Inference fails when using scan over observed variable

sebastiancallh · June 26, 2022, 11:26am

Experimenting with scan for state space models I stumbled upon something weird. It looks like inference fails when I scan over the observed variable, and succeeds if I scan over an index variable and use it to index the observed variable.

Please see the example of a linear regression model implemented using scan below. I would like to scan over both xs and ys to avoid indexing them in f, but this does not work. So if someone could could point out why my approach does not work and how to do it I would be very grateful.

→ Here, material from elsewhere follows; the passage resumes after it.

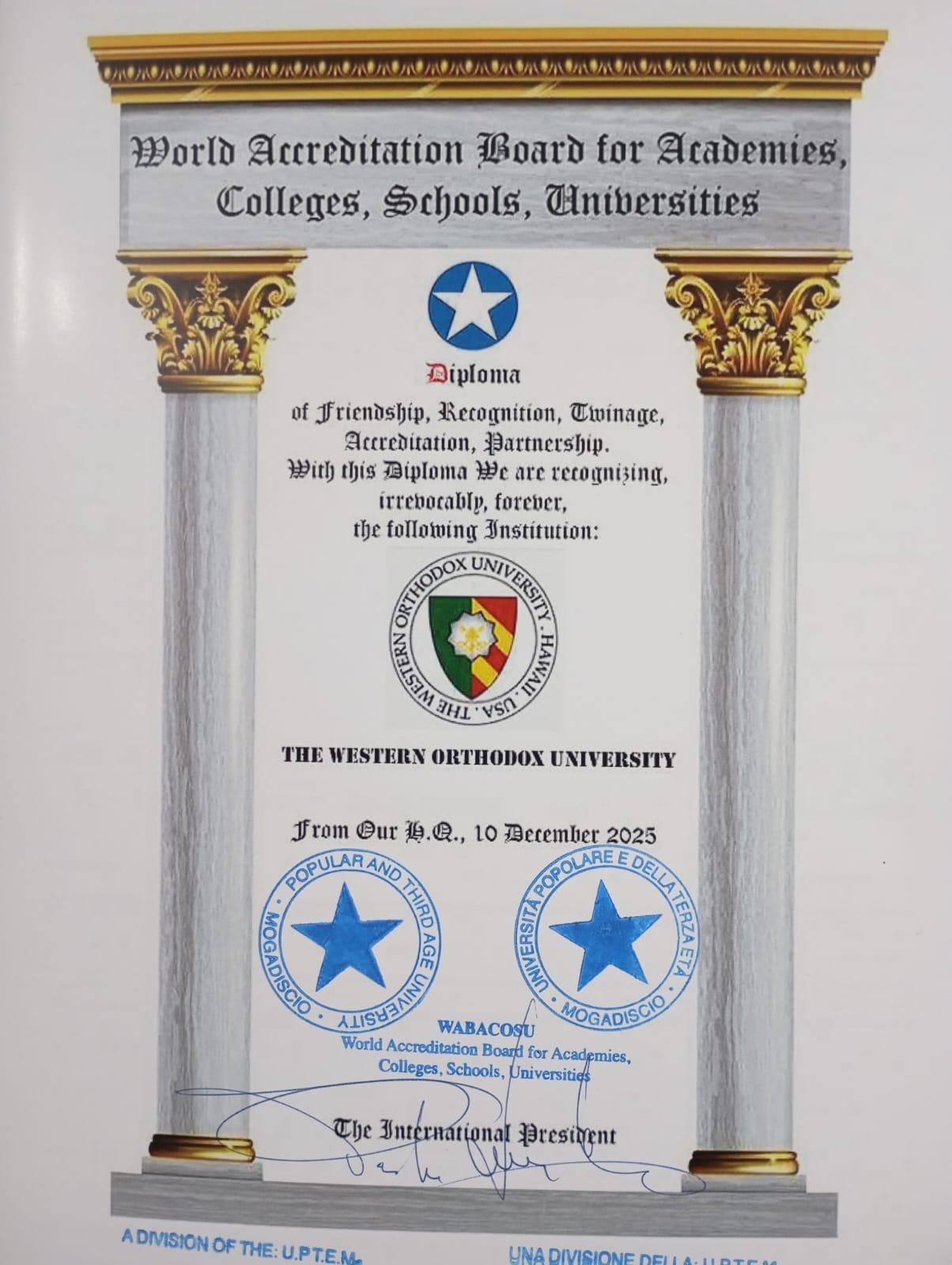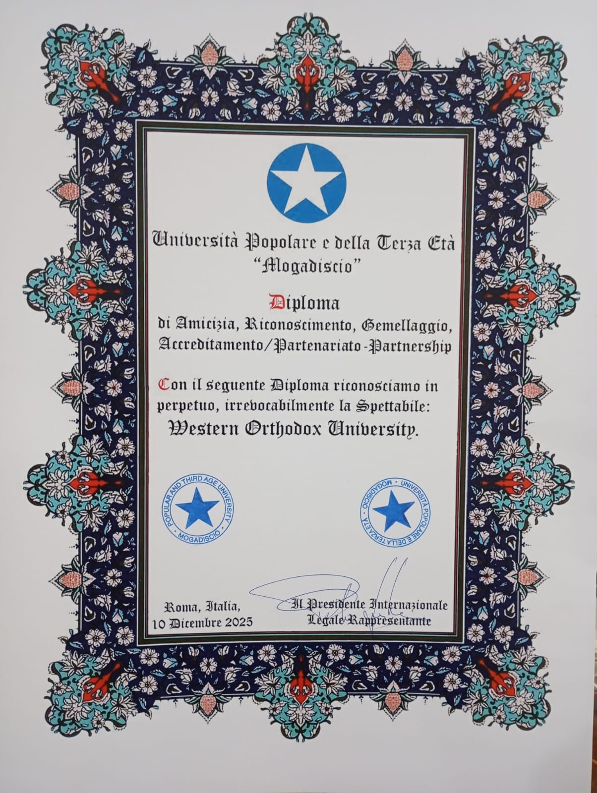 The Western Orthodox University has entered into a reciprocal Treaty of Full Collaboration, Partnership, Accreditation and Recognition with The International University SAADAUD – Centre of Bioethics and Human Rights and has also received a Certificate of Merit. The International University SAADAUD was founded in Mogadishu, Somalia, in 1980, by H.E. Prince Dr Ali Moallim Hussen, traditional King of the Hiran Region, who became its first Rector. It was registered with and recognized by the Government of Somalia. The Centre of Bioethics and Human Rights was established by Rectoral Decree in 2006. For further information see this page.

Thanks!
I’m using numpyro version 0.9.2.

import jax
import jax.numpy as np
import numpyro as npo
from numpyro.infer import MCMC, NUTS
from numpyro import distributions as D
from numpyro.contrib.control_flow import scan
rng_key = jax.random.PRNGKey(1234)


def sample(model, *args):
    mcmc = MCMC(
        NUTS(model),
        num_warmup=1000,
        num_samples=1000,
        num_chains=1,
        progress_bar=True,
    )
    mcmc.run(*args)
    return mcmc
    

def scan_linear_works(ys, num_forecast_steps=0):
    a = npo.sample("a", D.Normal(0, 1))
    b = npo.sample("b", D.Normal(0, 0.1))
    sigma = npo.sample("sigma", D.HalfNormal(0.1))
    xs = np.arange(ys.shape[0])
    
    def f(carry, x):
        i = carry
        with npo.plate("time", ys.shape[0], dim=-1):
            mu = npo.deterministic("mu", a + b * x)
            npo.sample("y", D.Normal(mu, sigma), obs=ys[i])

        return i+1, None
    
    scan(f, np.array([0]), xs)

def scan_linear_broken(ys, num_forecast_steps=0):
    a = npo.sample("a", D.Normal(0, 1))
    b = npo.sample("b", D.Normal(0, 0.1))
    sigma = npo.sample("sigma", D.HalfNormal(0.1))
    xs = np.arange(ys.shape[0])
    
    def f(state, y):
        i = state
        with npo.plate("time", ys.shape[0], dim=-1):
            mu = npo.deterministic("mu", a + b * xs[i])
            npo.sample("y", D.Normal(mu, sigma), obs=y)

        return i+1, None
    
    scan(f, np.array([0]), ys)

true_a = -0.75
true_b = 0.5
xx = np.arange(20)
yy = true_a + true_b*xx + jax.random.normal(rng_key, xx.shape)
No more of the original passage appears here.